Sebastian Kurz siyasetten çekildi
Avusturya’nın genç siyasetçisi Kurz, başbakanlığın ardından ÖVP parti liderliğini de bırakarak siyasetten tamamen çekildiğini açıkladı. Kurz, siyasetten tamamen çekilmesinin nedenlerini canlı yayında kamuoyuyla paylaştı.
Avusturya’da “rüşvet, yolsuzluk ve güveni kötüye kullanma” suçlamalarıyla hakkında soruşturma başlatılmasıyla başbakanlık görevinden istifa eden Sebastian Kurz’un, milletvekilliği dokunulmazlığı kaldırılmıştı.
Kurz, Halk Partisi [ÖVP] Genel Başkanı ve patisinin parlamentoda grup başkanı olarak siyasete devam ediyordu.
Sebastian Kurz Siyaseti Bıraktığını Açıkladı
35 yaşındaki Kurz siyasetten çekilme adımını, bir yandan oğlunun geçen hafta dünyaya gelmesiyle, bir yandan da kendisi hakkındaki iddia ve soruşturmalarla gerekçelendirdi.
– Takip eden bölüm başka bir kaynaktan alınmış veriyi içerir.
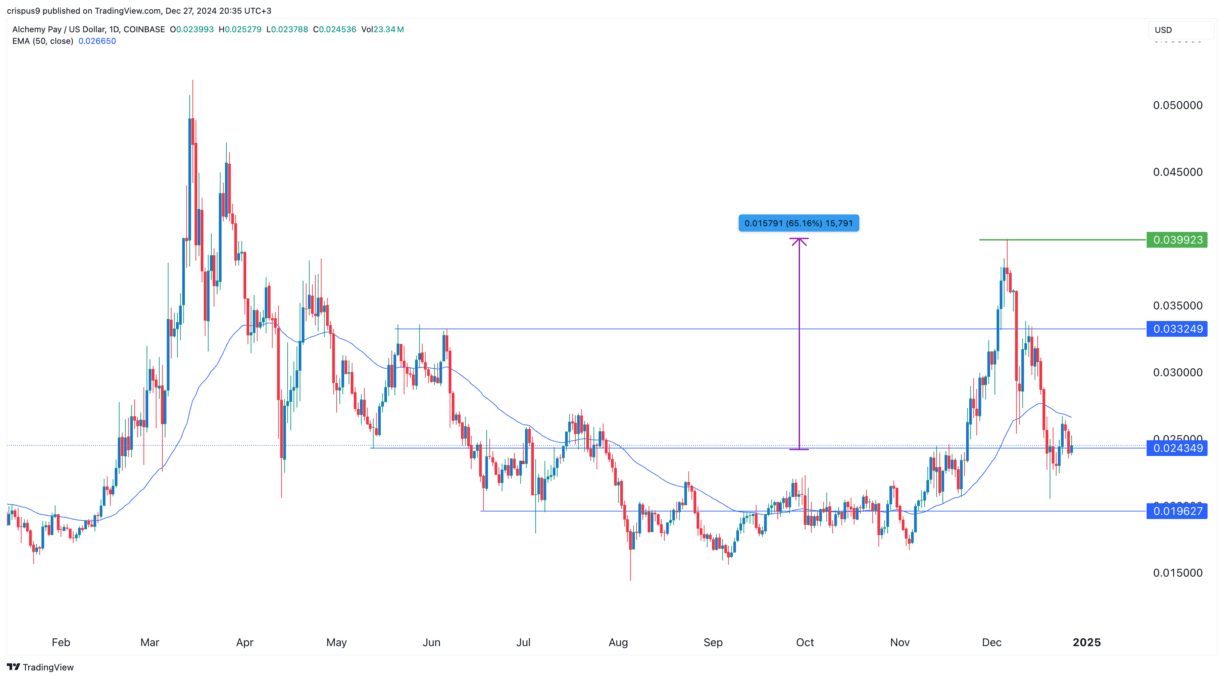 Il prezzo di Alchemy Pay è sceso sotto la media mobile a 50 giorni e ha formato un piccolo modello di pennant ribassista. Questo è un segnale che ha ancora spazio per scendere nel breve termine. Tuttavia, il prezzo di ACH probabilmente rimbalzerà nel 2025 e testerà nuovamente il massimo dell'anno di $0.40, che è il 65% sopra il livello attuale.

Kurz, “Karar benim için kolay olmadı, ancak üzüntü hissetmiyorum” dedi ve 10 “öğretici” yıl için teşekkür etti.
Sebastian Kurz, kararının hakkında yürütülen yolsuzluk soruşturmasıyla ilgili olduğunu belirtti. “Suçlamalar, isnatlar ve sürece karşı kendini savunmak” zorunda kaldığı için “siyasete olan tutkusunun” azaldığını ifade etti.
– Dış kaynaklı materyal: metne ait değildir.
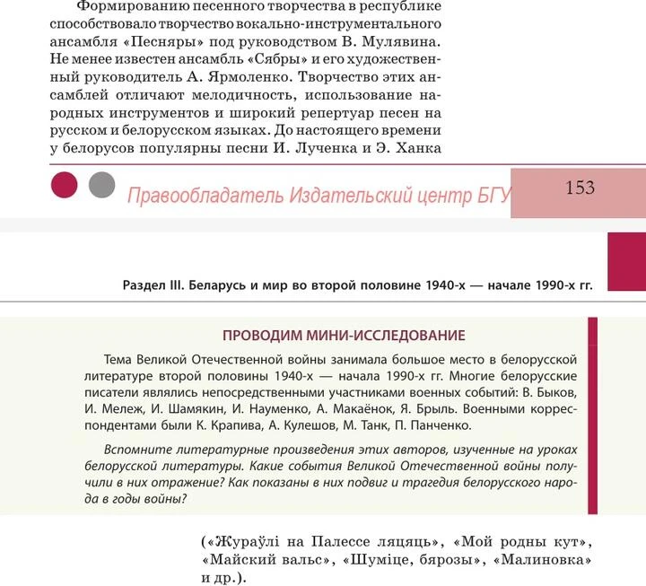 Также в учебнике нет ни слова о развитии беларусского национального движения. Нет полноценного разбора русификации — лишь краткое объяснение: «Принятая в 1961 г. Программа КПСС провозглашала целью партии развитие социалистического интернационализма как высшего качества всех советских людей. Предусматривалось слияние отдельных народов в единую коммунистическую мировую нацию, а их языков — в мировой язык». Никакого осуждения и рассказа о губительных для беларуского языка и культуры последствиях.

Masum olduğunu tekrarlayan Kurz “yıllar sürse de” günün birinde mahkeme önünde “kendi şahsına karşı suçlamaların basit ve etkili bir biçimde yanlış olduğunu kanıtlayacağı” günün gelmesini beklediğini belirtti.
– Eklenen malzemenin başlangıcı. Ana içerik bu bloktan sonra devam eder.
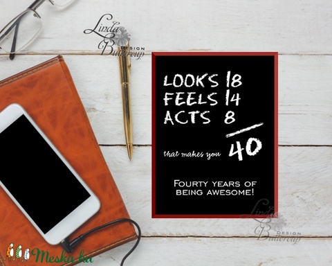 40. Szülinapi üdvözlőlap, Születésnap, 40, Vicces Születésnapi képeslap, Szülinap kártya, Apa, Apu, happy birthday

Doğrulanmayan bilgilere göre, halefi İçişleri Bakanı Karl Nehammer olabilir. ÖVP ekibinde büyük bir hükümet değişikliği hakkında spekülasyonlar var.
Ne Olmuştu?
Mali ve Yolsuzluk Savcılığı emriyle polis, 6 Ekim Çarşamba sabahı iktidar partisi ÖVP’nin başkent Viyana’daki merkezi ve Başbakanlık binasındaki ofisinde arama yaptı.
Halk Partisi (ÖVP) lideri ve Başbakan Sebastian Kurz’a yapılan suçlamalar, 2016 yılında Kurz’un ÖVP genel başkanı olmak için çeşitli yasa dışı yöntemler kullandığı yönündeydi.
Savcılığın Ibiza soruşturması kapsamında tesadüfen fark ettiği bazı bilgiler ışığında soruşturma başlatılması, Kurz’un o dönem Österreich gazetesiyle bir anlaşma yaptığı ve bu anlaşmada gazetenin çeşitli anketler yaparak Kurz’u kamuoyuna iyi sunması istendi.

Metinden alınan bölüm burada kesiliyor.